# Information given
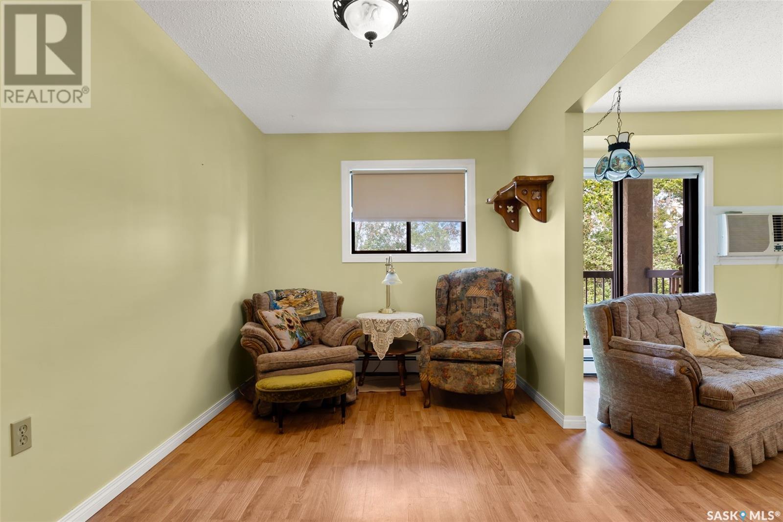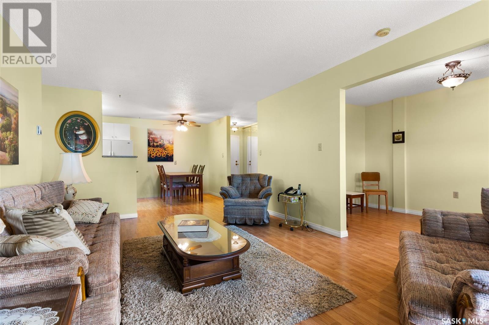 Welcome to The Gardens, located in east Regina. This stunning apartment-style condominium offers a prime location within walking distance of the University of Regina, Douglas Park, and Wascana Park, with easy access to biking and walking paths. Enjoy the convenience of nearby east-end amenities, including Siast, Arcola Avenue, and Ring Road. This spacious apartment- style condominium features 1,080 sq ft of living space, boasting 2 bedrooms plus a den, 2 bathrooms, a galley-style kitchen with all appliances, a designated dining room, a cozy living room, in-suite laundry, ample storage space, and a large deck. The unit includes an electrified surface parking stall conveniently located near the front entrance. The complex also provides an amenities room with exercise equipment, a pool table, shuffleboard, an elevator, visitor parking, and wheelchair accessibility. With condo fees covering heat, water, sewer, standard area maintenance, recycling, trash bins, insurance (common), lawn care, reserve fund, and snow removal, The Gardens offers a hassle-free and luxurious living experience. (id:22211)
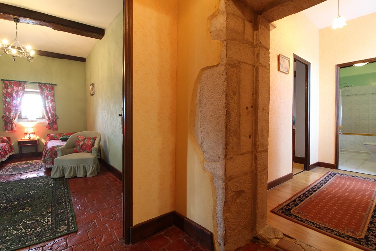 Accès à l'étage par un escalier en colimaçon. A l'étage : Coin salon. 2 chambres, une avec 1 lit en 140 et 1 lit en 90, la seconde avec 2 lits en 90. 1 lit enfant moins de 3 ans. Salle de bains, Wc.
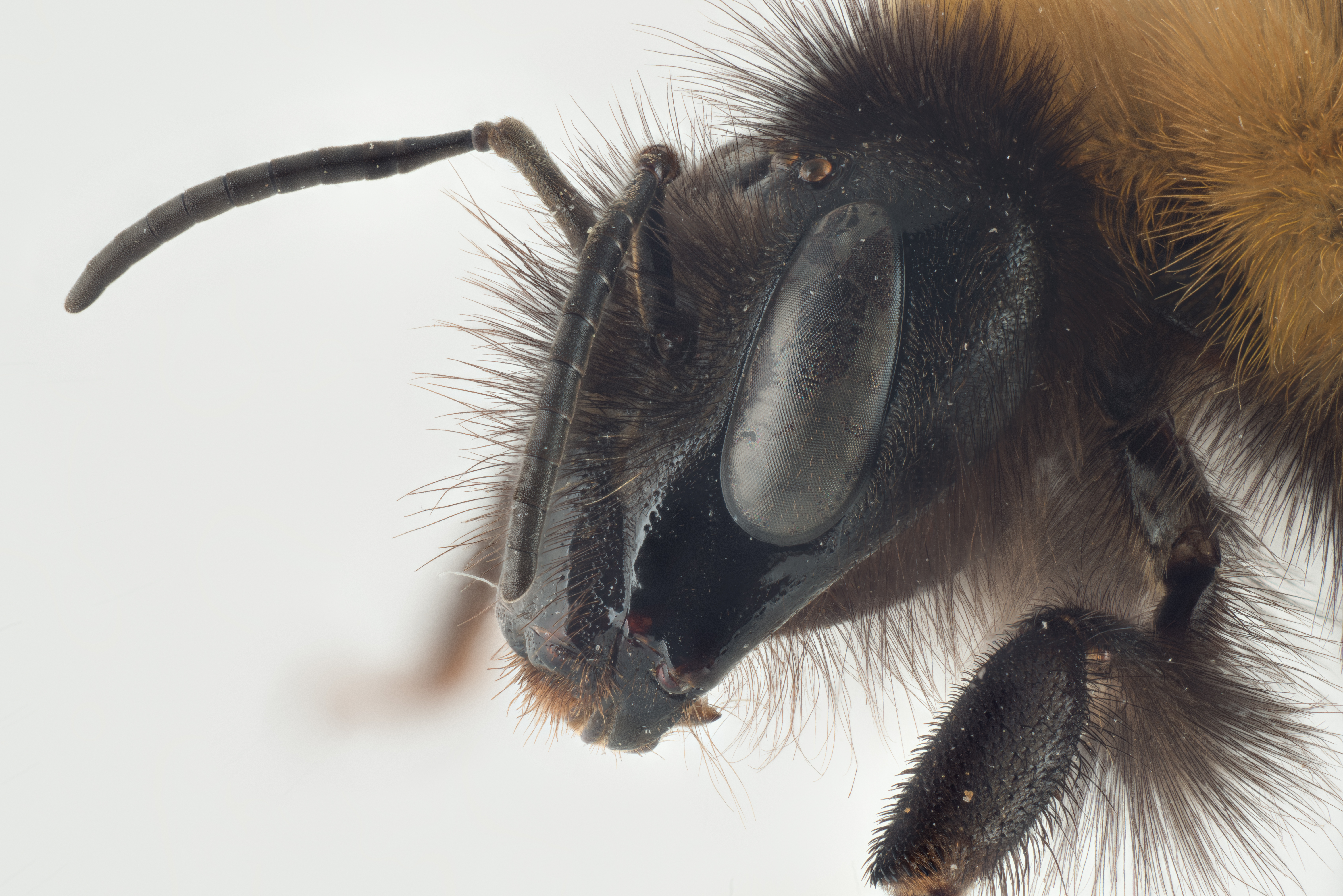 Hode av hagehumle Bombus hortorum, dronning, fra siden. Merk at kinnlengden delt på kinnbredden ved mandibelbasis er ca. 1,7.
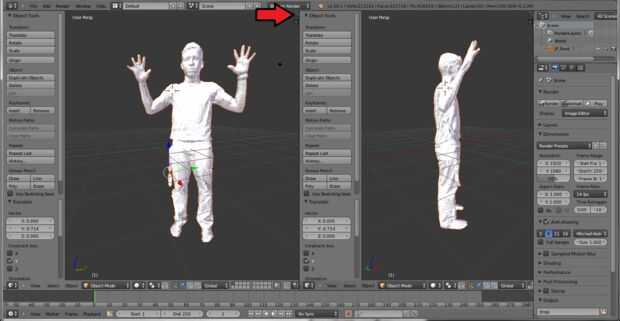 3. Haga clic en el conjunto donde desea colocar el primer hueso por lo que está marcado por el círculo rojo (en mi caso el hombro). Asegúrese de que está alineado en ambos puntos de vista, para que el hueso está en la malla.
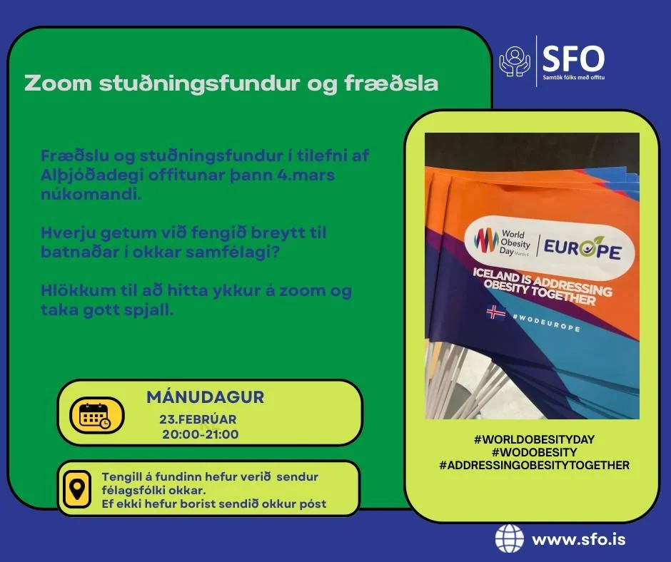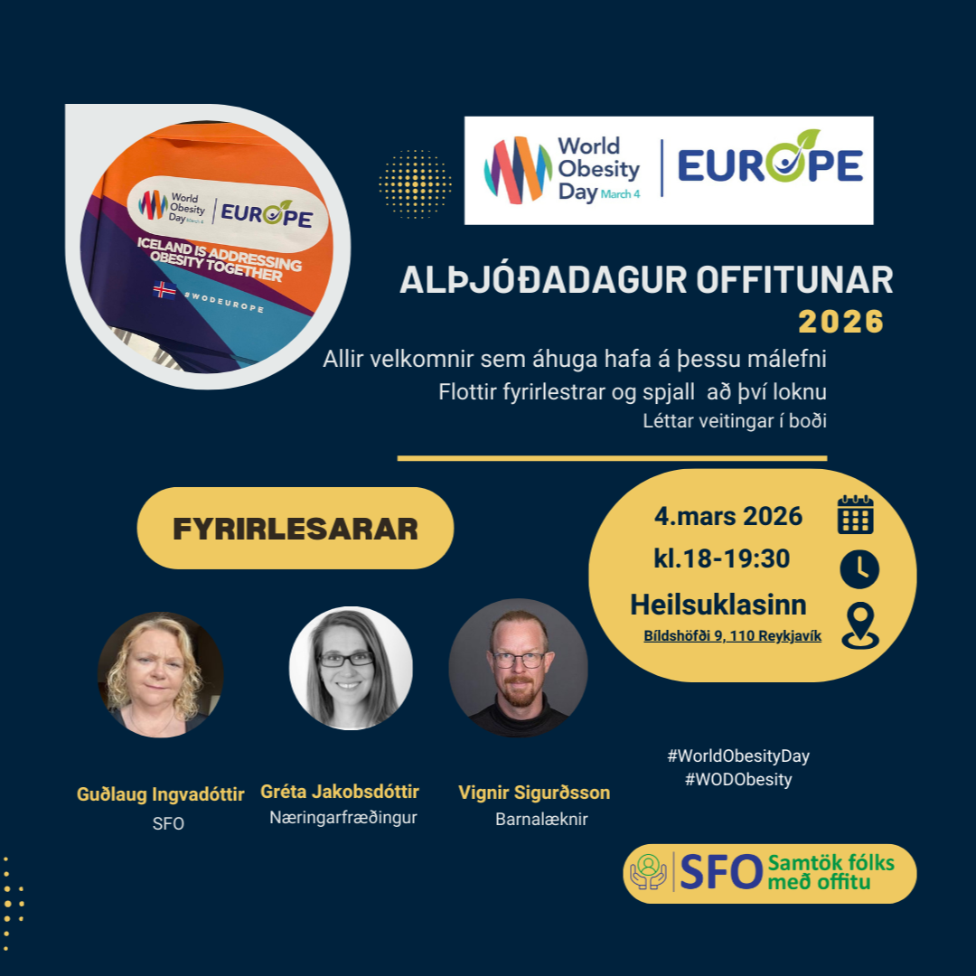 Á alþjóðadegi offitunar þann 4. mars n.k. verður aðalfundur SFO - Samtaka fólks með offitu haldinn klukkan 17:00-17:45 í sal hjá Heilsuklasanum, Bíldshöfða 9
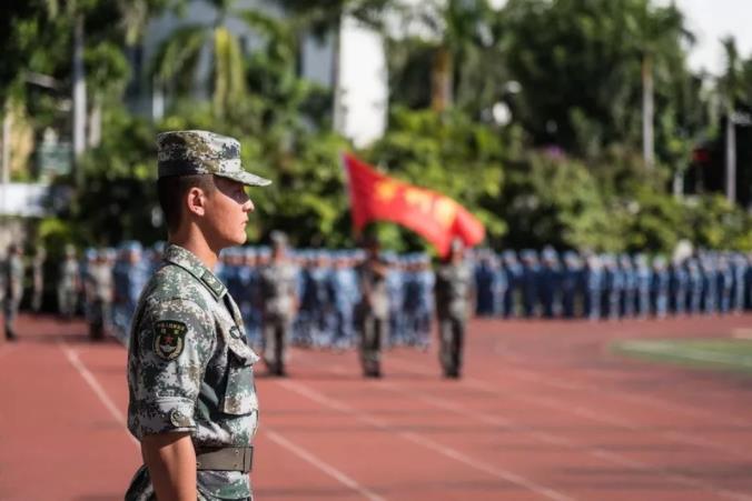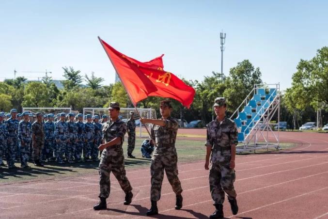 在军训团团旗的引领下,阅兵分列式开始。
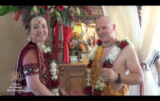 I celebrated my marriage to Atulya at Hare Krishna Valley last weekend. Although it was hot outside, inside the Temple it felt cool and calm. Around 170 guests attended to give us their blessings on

# Instructions for the task
After locating the line containing "在军训团团旗的引领下,阅兵分列式开始。" in the entries above, repeat only it and each later line through the end, exactly, without any pictures.

# Answer to this task
 在军训团团旗的引领下,阅兵分列式开始。
 I celebrated my marriage to Atulya at Hare Krishna Valley last weekend. Although it was hot outside, inside the Temple it felt cool and calm. Around 170 guests attended to give us their blessings on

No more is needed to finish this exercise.